NEWS TICKER :

News


Golkar Tabrak Etika Politik

Sabtu, 5 Juli 2008 - 03:04 wib
text TEXT SIZE :  
Suryadi - Okezone

JAKARTA - Usaha dan ambisi Fraksi Partai Golkar (FPG) untuk merebut posisi ketua pansus angket BBM merupakan langkah pengabaian etika politik.

Alasannya, secara jelas bahwa, partai terbesar itu menolak hak angket yang mutlak didukung mayoritas fraksi lainnya di DPR.

"Golkar telah mengabaikan etika publik, etika politik, dan kelaziman. Ketika mereka telah menolak hak Angket namun masih merasa perlu memegang kepemimpinan Pansus," ujar Direktur Lembaga Studi Kebijakan Publik (LSKP) Ichsanuddin Noorsy saat berbincang dengna okezone, Jakarta, Sabtu (5/7/2008).

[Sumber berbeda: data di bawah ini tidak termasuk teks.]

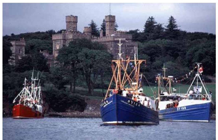
Stornoway, Isle of Lewis
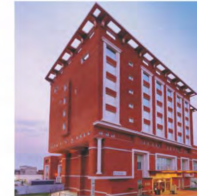
Hotel Royal Orchid, Jaipur
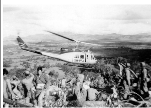
Air America Bell 205 helicopter leaving a Hmong fire support base in the Laotian Plain of Jars, c. 1969
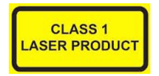
Figure 3. Class 1 laser product label

The VL53L3CX contains a laser emitter and corresponding drive circuitry. The laser output is designed to remain within Class 1 laser safety limits under all reasonable foreseeable conditions, including single faults, in compliance with the IEC 60825-1:2014 (third edition). The laser output remains within Class 1 limits as long as the STMicroelectronic's recommended device settings are used and the operating conditions specified in the datasheet are respected. The laser output power must not be increased and no optics should be used with the intention of focusing the laser beam.
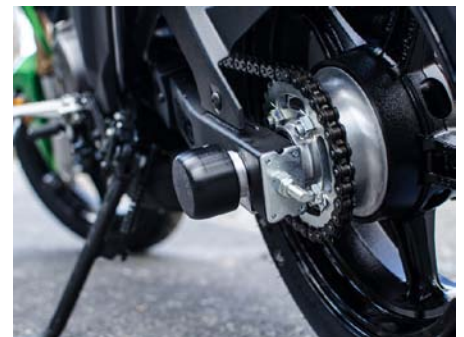
Z125 Pro Rear Axle w/OEM Chain Adjuster
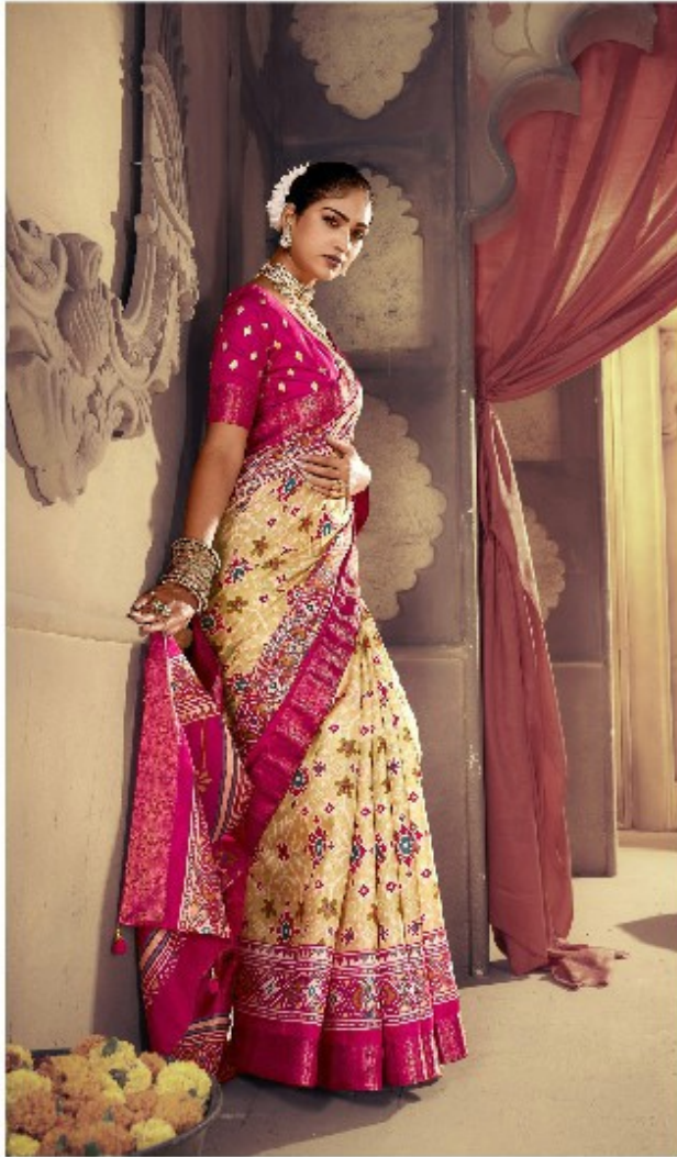
Experience the art of the saree. The saree is a beautiful and elegant attire. It is a traditional Indian garment. The saree is a long piece of fabric, which is draped over the shoulder and around the waist. It is a versatile and comfortable garment. The saree is a beautiful and elegant attire. It is a traditional Indian garment. The saree is a long piece of fabric, which is draped over the shoulder and around the waist. It is a versatile and comfortable garment.
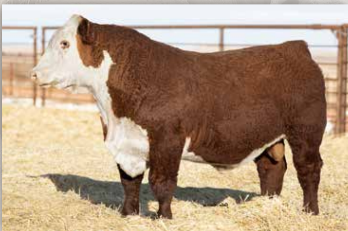
MH BN 729 SLINGSHOT 2142
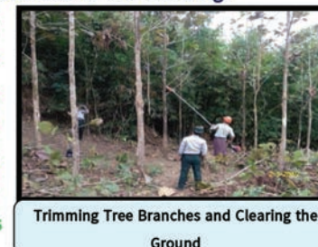
Trimming Tree Branches and Clearing the Ground
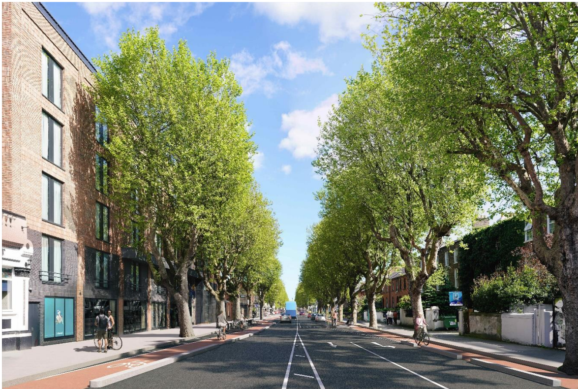
Figure 2: Artist's impression of North Circular Road – Looking east from Dorset Street Lower junction.
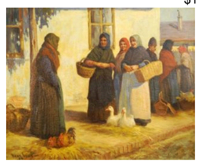
Lot # 242

242 Unidentified Oil on Canvas, 23 1/4" x 31", European School/ Village Scene.
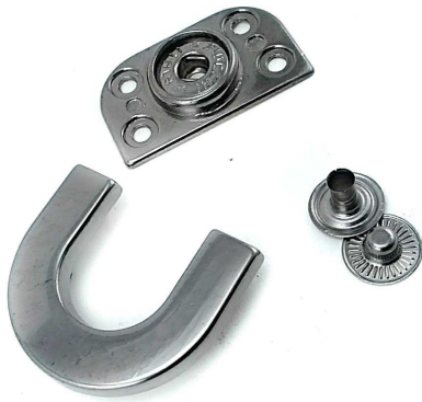
E 1761 ( 14 gr) 32 x 28 mm Decorative Snap Fastener Button C Shape Zinc Alloy S1761

Ichsan menilai, partai Golkar menjadi gamang karena kekalahannya dibeberapa daerah. Bahkan, pada saat pengesahan hak angket, partai terbesar itu kalah suara.  

"Golkar kehilangan rasa malu sehingga menabrak etika dan kelaziman," tegasnya.

Menanggapi peran Fraksi Partai Demokrat (FPD) dalam hal ini, dia menjelaskan bahwa FPD menuntut agar dwi tunggal SBY-JK juga berjalan di Pansus.